● EXERCISE
Print the listing below only from the line that has "From simple outlines" through the line that has "P045 : No campfire", exactly, and drop any picture.

● GIVEN DATA
--- START ---
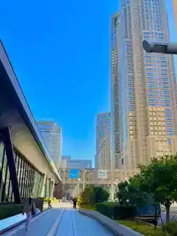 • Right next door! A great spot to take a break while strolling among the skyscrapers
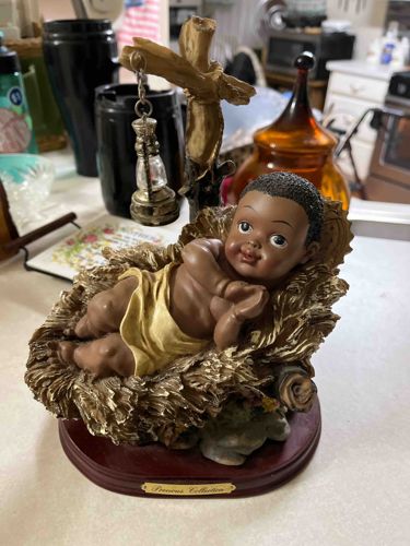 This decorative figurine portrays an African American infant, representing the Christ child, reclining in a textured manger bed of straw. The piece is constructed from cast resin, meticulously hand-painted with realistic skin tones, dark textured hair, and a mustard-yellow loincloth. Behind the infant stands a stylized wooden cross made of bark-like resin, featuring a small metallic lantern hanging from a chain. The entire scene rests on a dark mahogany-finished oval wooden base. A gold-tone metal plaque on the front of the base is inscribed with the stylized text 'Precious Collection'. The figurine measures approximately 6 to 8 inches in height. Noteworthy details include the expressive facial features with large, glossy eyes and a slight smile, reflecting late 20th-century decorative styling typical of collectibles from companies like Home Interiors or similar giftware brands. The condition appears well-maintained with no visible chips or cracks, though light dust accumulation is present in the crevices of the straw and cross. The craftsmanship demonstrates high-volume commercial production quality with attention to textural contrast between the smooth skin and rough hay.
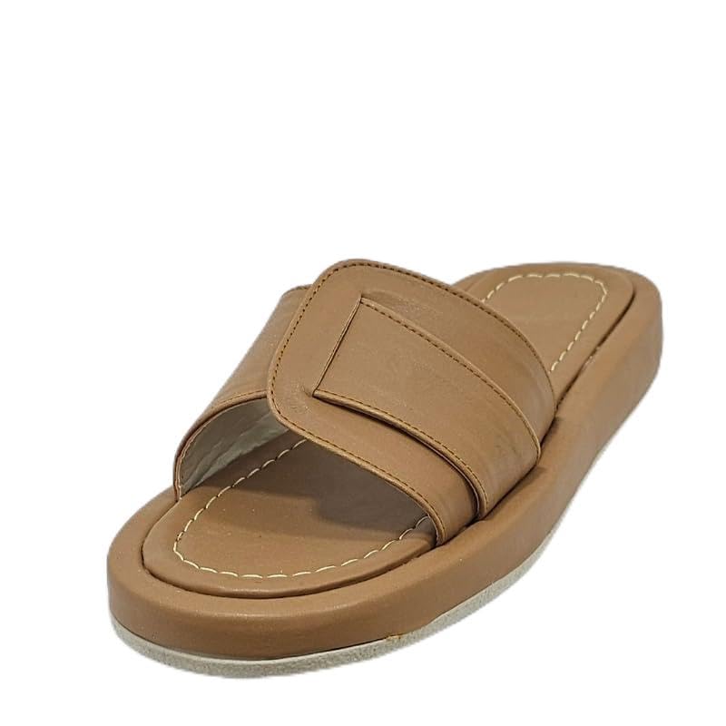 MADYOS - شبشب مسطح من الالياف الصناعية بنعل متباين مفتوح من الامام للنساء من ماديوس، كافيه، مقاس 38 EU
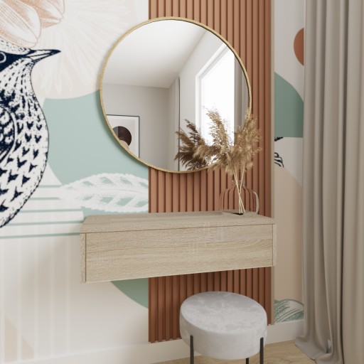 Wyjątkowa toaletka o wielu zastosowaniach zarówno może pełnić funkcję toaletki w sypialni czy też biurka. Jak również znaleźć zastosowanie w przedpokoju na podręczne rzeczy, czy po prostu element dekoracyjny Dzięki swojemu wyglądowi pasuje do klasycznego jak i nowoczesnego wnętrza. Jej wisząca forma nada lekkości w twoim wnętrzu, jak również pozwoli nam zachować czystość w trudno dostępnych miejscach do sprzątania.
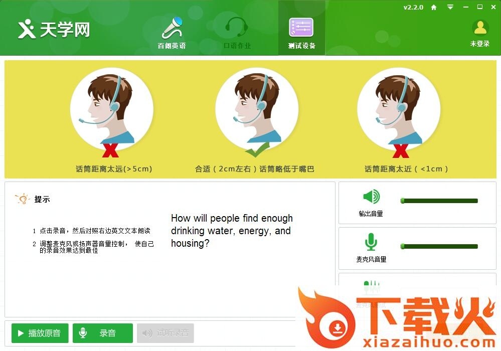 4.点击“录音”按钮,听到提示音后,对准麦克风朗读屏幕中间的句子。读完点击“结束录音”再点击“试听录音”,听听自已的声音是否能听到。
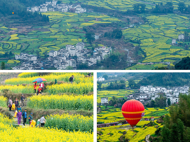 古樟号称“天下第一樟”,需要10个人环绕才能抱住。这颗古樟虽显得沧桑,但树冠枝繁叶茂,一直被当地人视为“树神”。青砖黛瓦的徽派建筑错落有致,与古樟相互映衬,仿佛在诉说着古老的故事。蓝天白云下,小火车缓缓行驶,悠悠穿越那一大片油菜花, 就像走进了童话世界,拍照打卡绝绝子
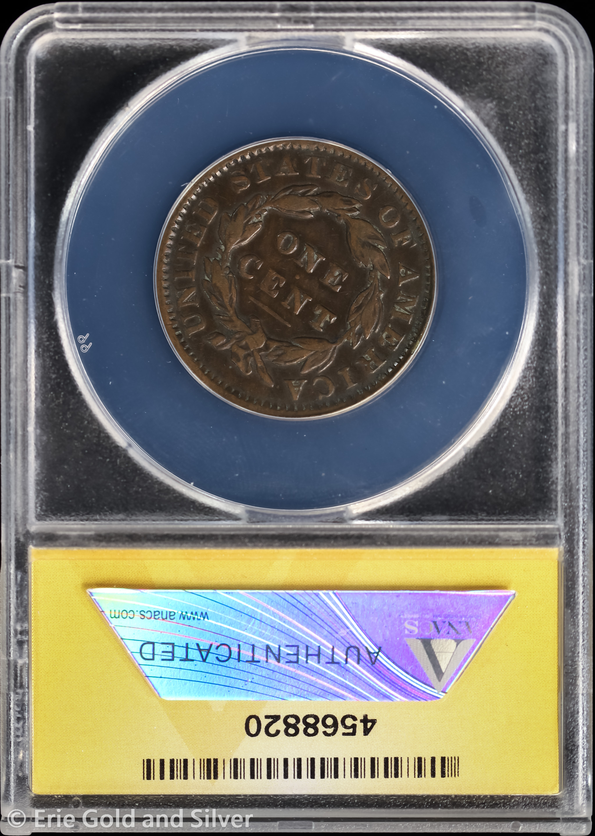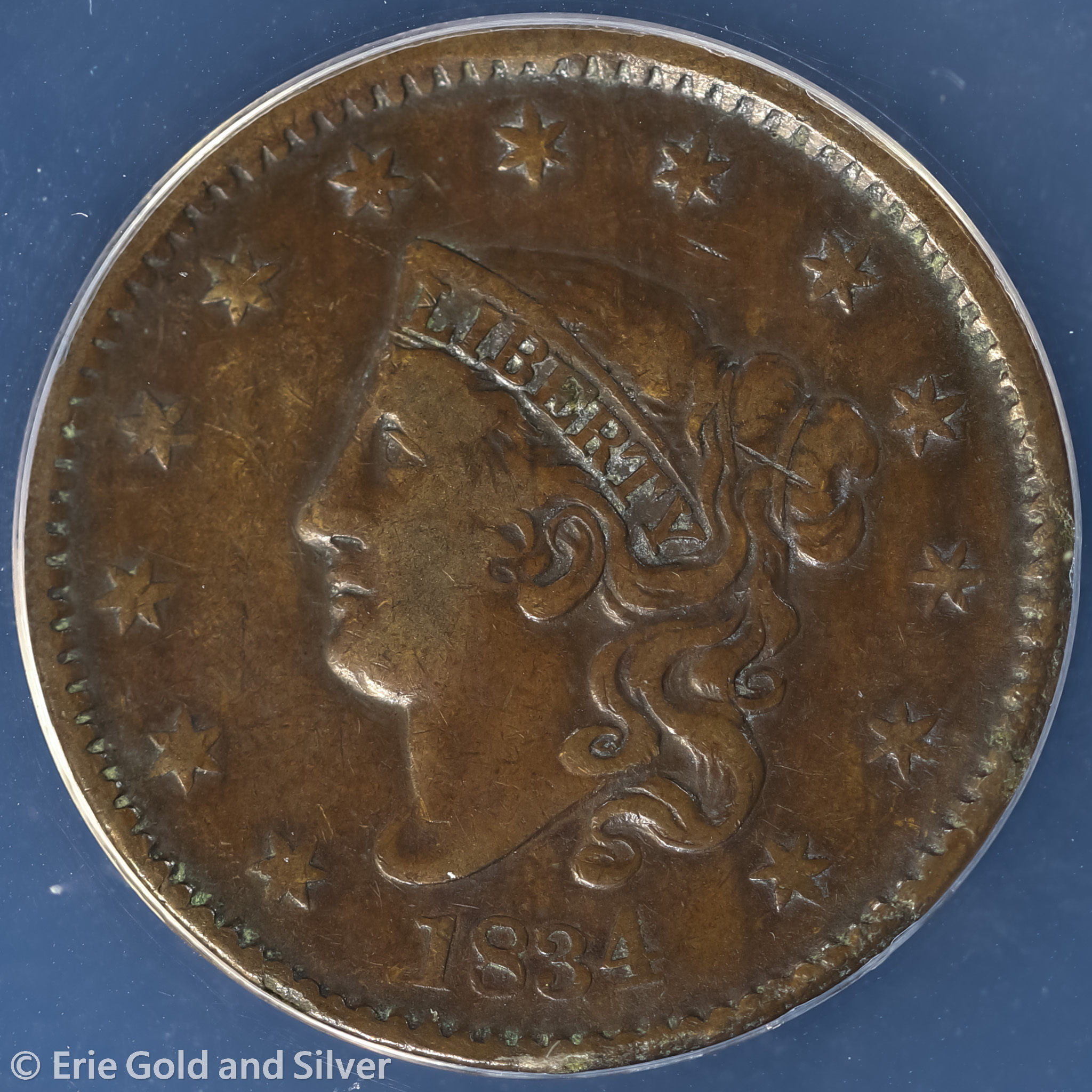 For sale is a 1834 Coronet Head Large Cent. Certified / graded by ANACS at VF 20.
--- END ---
--- START ---
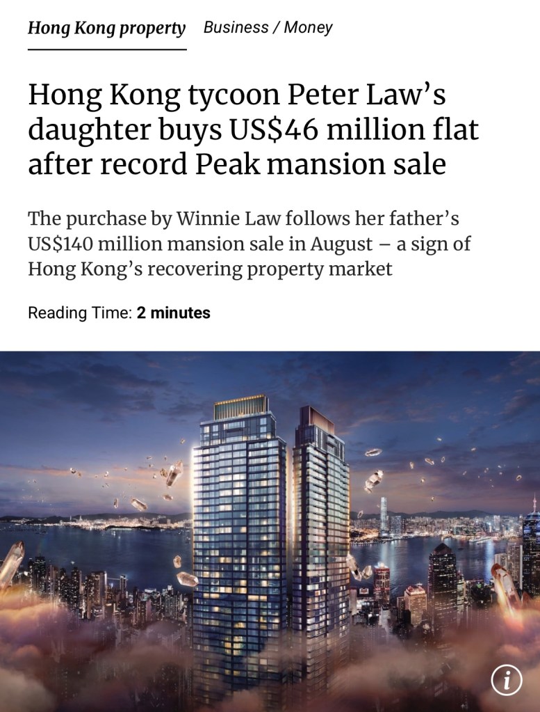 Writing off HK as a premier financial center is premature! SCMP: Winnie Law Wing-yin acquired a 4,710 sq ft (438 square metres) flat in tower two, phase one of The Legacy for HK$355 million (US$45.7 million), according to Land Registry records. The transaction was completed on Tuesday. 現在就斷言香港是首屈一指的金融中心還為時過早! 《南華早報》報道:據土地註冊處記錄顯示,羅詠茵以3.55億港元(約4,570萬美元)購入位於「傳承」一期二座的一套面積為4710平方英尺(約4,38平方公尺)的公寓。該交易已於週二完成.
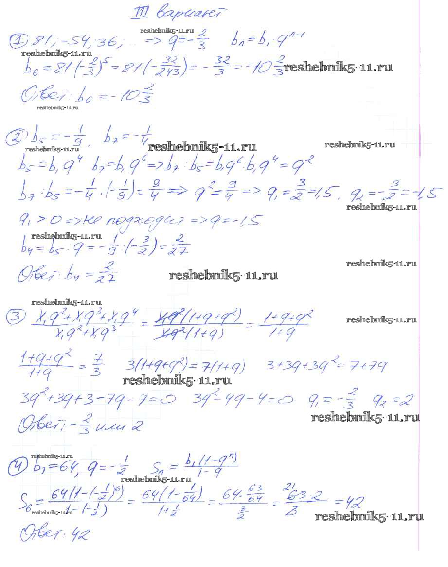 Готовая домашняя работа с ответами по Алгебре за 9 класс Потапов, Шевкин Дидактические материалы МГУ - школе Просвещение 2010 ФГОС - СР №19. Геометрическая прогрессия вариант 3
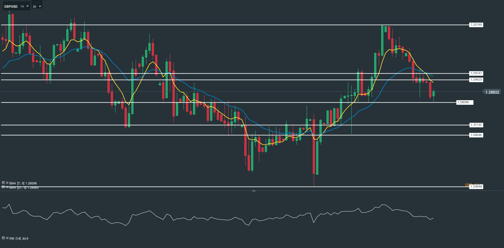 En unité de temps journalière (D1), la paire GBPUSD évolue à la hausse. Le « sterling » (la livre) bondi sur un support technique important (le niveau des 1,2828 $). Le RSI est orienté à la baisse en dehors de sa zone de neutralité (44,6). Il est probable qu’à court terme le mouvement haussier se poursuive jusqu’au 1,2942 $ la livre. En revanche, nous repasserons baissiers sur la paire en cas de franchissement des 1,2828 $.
--- END ---
--- START ---
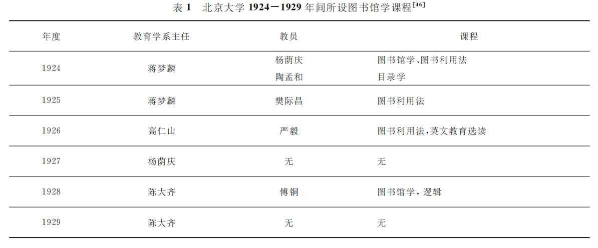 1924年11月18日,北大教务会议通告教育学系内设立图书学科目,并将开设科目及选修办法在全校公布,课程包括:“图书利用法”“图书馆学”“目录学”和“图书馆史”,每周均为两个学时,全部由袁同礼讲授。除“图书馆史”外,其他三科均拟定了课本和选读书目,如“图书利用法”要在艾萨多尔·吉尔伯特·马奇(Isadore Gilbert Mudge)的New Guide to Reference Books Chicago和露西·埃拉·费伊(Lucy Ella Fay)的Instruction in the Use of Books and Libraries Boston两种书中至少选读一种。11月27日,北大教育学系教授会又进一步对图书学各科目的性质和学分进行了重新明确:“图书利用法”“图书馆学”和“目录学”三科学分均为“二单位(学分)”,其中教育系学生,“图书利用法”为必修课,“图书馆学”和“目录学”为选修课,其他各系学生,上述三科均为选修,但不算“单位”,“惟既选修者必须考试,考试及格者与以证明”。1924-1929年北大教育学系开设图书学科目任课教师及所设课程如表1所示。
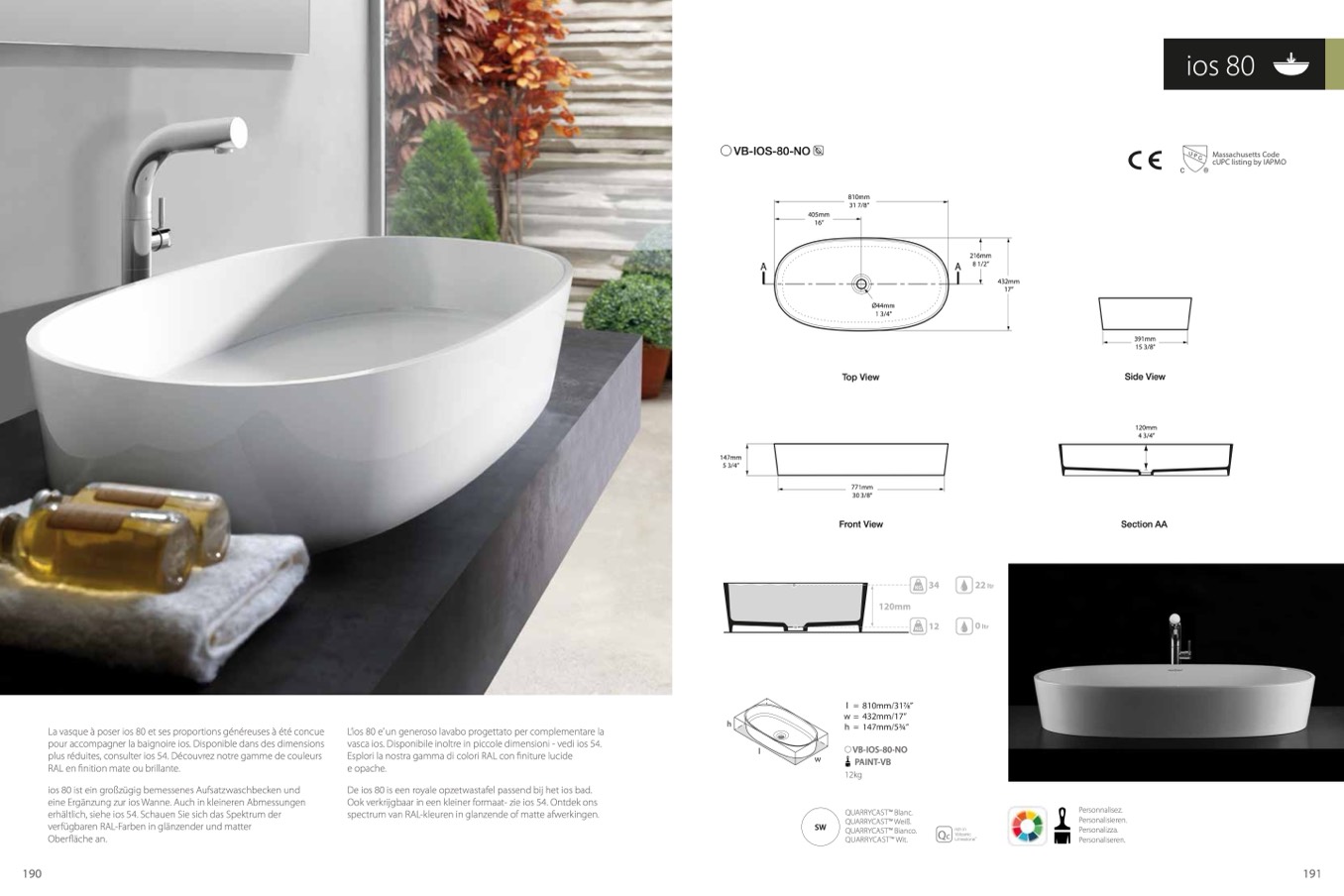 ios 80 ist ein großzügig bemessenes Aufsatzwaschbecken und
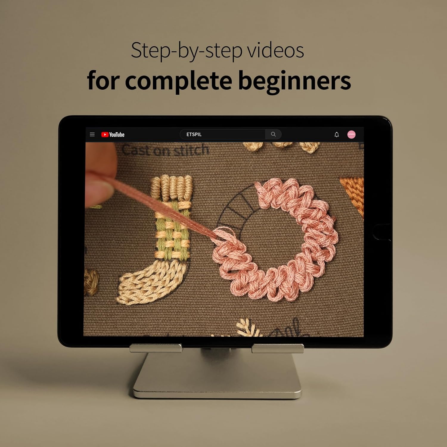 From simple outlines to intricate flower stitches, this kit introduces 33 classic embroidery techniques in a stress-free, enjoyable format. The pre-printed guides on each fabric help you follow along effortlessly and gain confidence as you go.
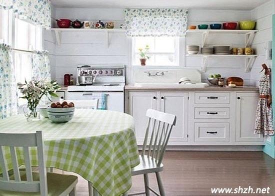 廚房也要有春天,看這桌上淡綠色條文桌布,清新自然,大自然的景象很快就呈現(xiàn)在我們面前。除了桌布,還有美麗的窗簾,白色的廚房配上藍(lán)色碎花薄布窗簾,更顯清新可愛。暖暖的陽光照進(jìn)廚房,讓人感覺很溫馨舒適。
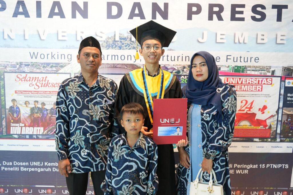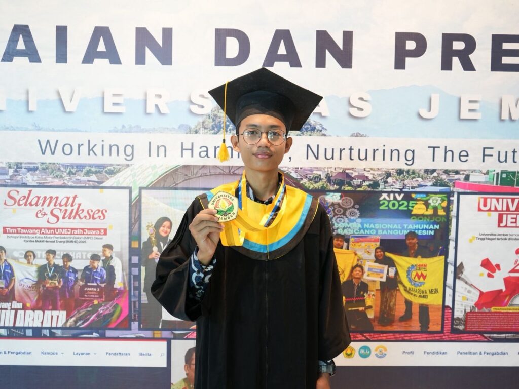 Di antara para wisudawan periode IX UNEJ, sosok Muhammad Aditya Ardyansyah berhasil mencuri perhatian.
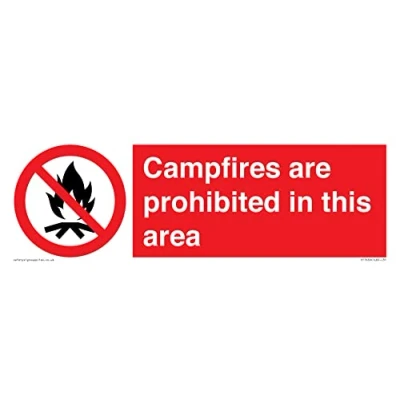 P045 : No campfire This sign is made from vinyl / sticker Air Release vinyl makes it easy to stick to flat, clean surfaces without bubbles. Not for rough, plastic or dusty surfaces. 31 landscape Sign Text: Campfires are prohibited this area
--- END ---
● EXERCISE RESPONSE
 From simple outlines to intricate flower stitches, this kit introduces 33 classic embroidery techniques in a stress-free, enjoyable format. The pre-printed guides on each fabric help you follow along effortlessly and gain confidence as you go.
 廚房也要有春天,看這桌上淡綠色條文桌布,清新自然,大自然的景象很快就呈現(xiàn)在我們面前。除了桌布,還有美麗的窗簾,白色的廚房配上藍(lán)色碎花薄布窗簾,更顯清新可愛。暖暖的陽光照進(jìn)廚房,讓人感覺很溫馨舒適。
 Di antara para wisudawan periode IX UNEJ, sosok Muhammad Aditya Ardyansyah berhasil mencuri perhatian.
 P045 : No campfire This sign is made from vinyl / sticker Air Release vinyl makes it easy to stick to flat, clean surfaces without bubbles. Not for rough, plastic or dusty surfaces. 31 landscape Sign Text: Campfires are prohibited this area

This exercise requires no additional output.